The damning admission that sensitive data on every family with children in the country, including bank account details, National Insurance numbers and the names and dates of birth of their children, is missing and available potentially to criminals is unprecedented. The possibility of 25 million people at risk of serious identity fraud, because so many people use middle names or children's names as passwords raises worrying general questions about the safety of personal information and particular ones about the way HM Revenue and Customs (HMRC) operates and the Treasury's responsibility for that operation. Yesterday Paul Gray, the chairman of HMRC (in practice, its chief executive), resigned and was praised from all sides as an honourable man.

HMRC, created in 2004 by a merger of Inland Revenue and Customs and Excise, under the aegis of the then Chancellor, Gordon Brown, although run by an executive board is answerable to parliament through the Chancellor of the Exchequer. It was thus that Alistair Darling found himself responsible for its operational workings. The merger resulted in 25,000 job losses and a vital question will be whether pressure on the department was a factor in this catastrophic breach of procedures. To that end, the inquiries by the Independent Police Complaints Commission (IPCC), which monitors HMRC, as well as by the Metropolitan Police, announced by Mr Darling are welcome. They must examine every part of the organisation from policy to the most mundane practice.

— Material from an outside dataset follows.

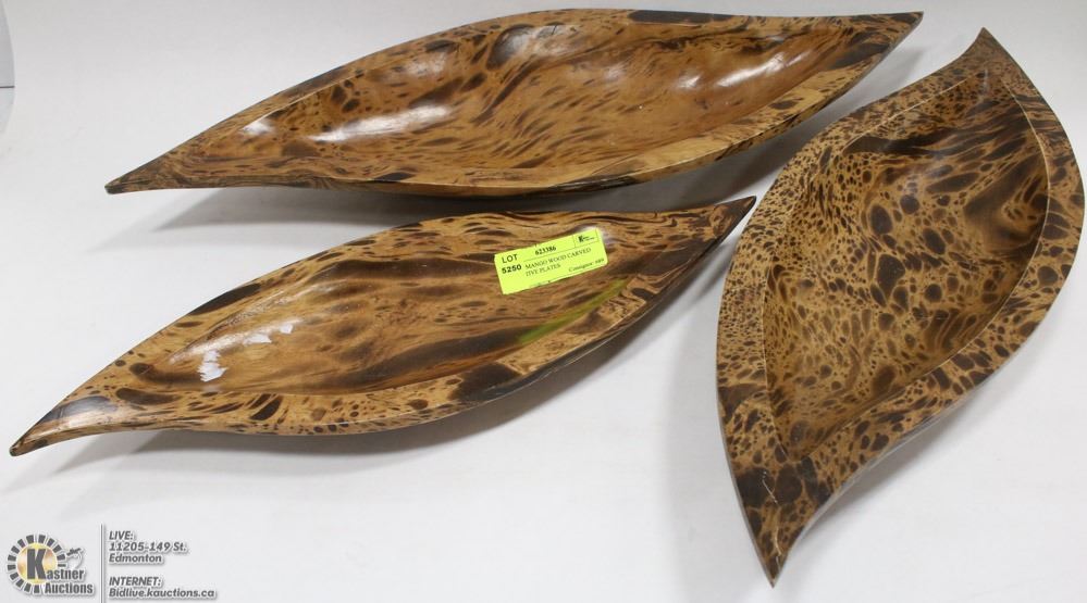 LOT OF 3 MANGO WOOD CARVED DECORATIVE PLATES

Every taxpayer in the country must be confident that the information it holds is secure or conclude with Vince Cable, acting leader of the Liberal Democrats, that the Treasury has replaced the Home Office as the government department "not fit for purpose". Inevitably, there are calls for the Chancellor, already beleaguered by the fall-out from Northern Rock, to resign. Despite the extreme gravity of this situation, it is arguable that it is one of those random human errors that can happen on anyone's watch. If he is given the benefit of the doubt on that score, his future will depend on his handling of the crisis. There is concern about the delay in making the loss public, but Mr Darling said the banks had asked for time to put monitoring systems in place. Although it will be reassuring for people whose details have been lost that they are flagging up accounts which receive child benefit payments, many would like to have been alerted sooner.

The breathtaking incompetence of a system by which a relatively junior civil servant could download sensitive material to discs and send them as unregistered post immediately and properly prompted questions about the security of the proposed national identity cards and a central database of NHS patient records. The government suggests the biometric material that will be a component of identity cards will make them much less susceptible to fraud and that much newer technology will provide a safeguard for the patient-record database. Nevertheless, this experience will deepen the anxiety ordinary people feel about the storage of personal data required by these measures. Both should be re-examined carefully in the light of the lessons to be drawn from this calamitous failure of procedure.

Mr Darling must now ensure the investigations he has instigated discover exactly how things went so wrong and that the procedures are made failsafe, but unless he fulfils George Osborne's advice to "get a grip" and does so fast, he is fatally wounded. It is not enough to say: "This must never happen again"; new technological and procedural systems must make that impossible. In this instance, the buck stops with the Chancellor.